## PROVIDED DATA
════════════════════
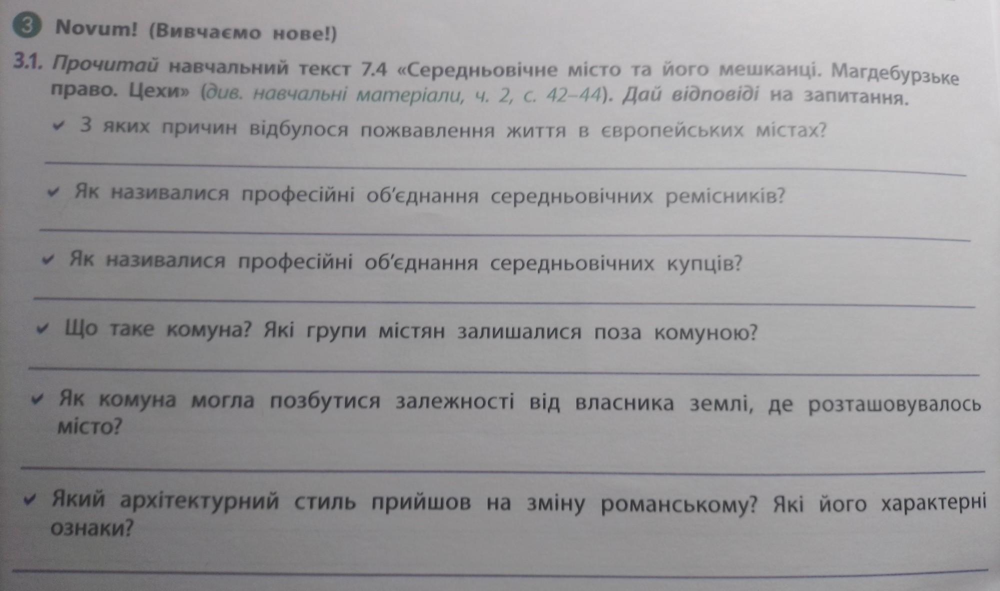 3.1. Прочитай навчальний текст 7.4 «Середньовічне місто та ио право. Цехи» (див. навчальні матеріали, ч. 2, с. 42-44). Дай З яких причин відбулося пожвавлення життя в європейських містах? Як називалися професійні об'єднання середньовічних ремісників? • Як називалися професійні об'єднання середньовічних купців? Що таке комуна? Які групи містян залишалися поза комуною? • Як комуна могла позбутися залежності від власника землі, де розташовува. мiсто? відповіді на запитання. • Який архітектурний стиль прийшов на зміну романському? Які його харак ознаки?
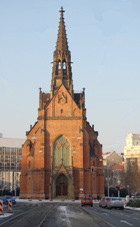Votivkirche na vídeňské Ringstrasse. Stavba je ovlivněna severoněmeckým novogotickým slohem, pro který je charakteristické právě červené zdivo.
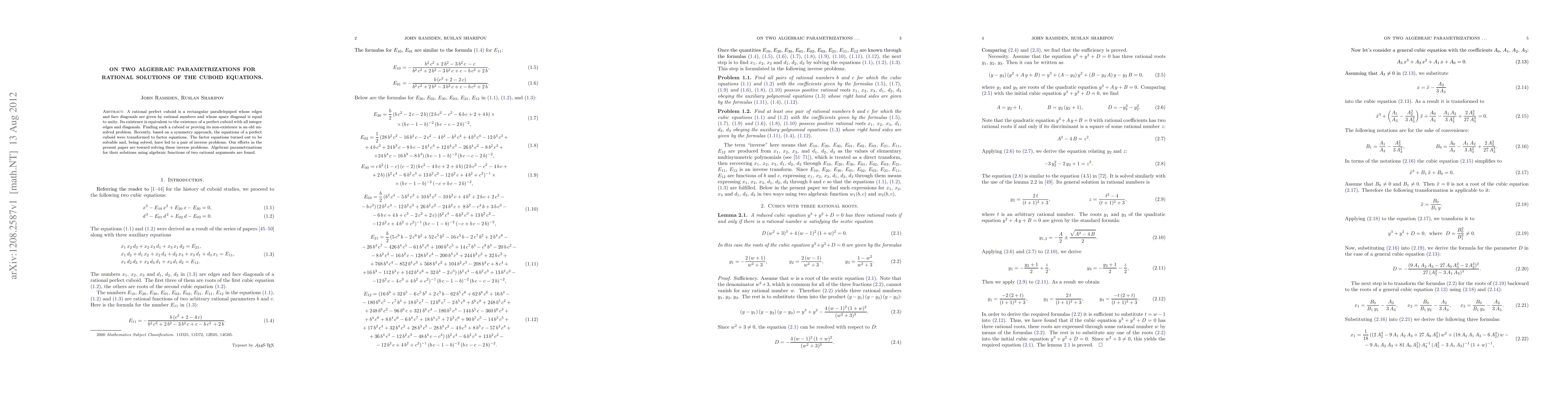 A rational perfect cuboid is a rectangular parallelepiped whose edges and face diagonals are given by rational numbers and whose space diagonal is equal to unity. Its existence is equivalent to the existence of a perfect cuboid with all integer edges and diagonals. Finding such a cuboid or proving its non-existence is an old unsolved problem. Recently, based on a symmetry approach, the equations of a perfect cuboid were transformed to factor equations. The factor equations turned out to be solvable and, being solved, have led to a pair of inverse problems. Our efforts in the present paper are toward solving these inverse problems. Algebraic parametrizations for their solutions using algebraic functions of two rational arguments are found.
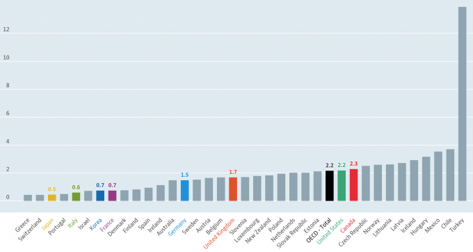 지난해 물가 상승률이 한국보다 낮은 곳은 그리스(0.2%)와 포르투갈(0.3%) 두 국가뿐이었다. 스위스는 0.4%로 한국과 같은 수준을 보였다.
════════════════════
Word for word, quote the full listing, omitting every picture.

 3.1. Прочитай навчальний текст 7.4 «Середньовічне місто та ио право. Цехи» (див. навчальні матеріали, ч. 2, с. 42-44). Дай З яких причин відбулося пожвавлення життя в європейських містах? Як називалися професійні об'єднання середньовічних ремісників? • Як називалися професійні об'єднання середньовічних купців? Що таке комуна? Які групи містян залишалися поза комуною? • Як комуна могла позбутися залежності від власника землі, де розташовува. мiсто? відповіді на запитання. • Який архітектурний стиль прийшов на зміну романському? Які його харак ознаки?
Votivkirche na vídeňské Ringstrasse. Stavba je ovlivněna severoněmeckým novogotickým slohem, pro který je charakteristické právě červené zdivo.
 A rational perfect cuboid is a rectangular parallelepiped whose edges and face diagonals are given by rational numbers and whose space diagonal is equal to unity. Its existence is equivalent to the existence of a perfect cuboid with all integer edges and diagonals. Finding such a cuboid or proving its non-existence is an old unsolved problem. Recently, based on a symmetry approach, the equations of a perfect cuboid were transformed to factor equations. The factor equations turned out to be solvable and, being solved, have led to a pair of inverse problems. Our efforts in the present paper are toward solving these inverse problems. Algebraic parametrizations for their solutions using algebraic functions of two rational arguments are found.
 지난해 물가 상승률이 한국보다 낮은 곳은 그리스(0.2%)와 포르투갈(0.3%) 두 국가뿐이었다. 스위스는 0.4%로 한국과 같은 수준을 보였다.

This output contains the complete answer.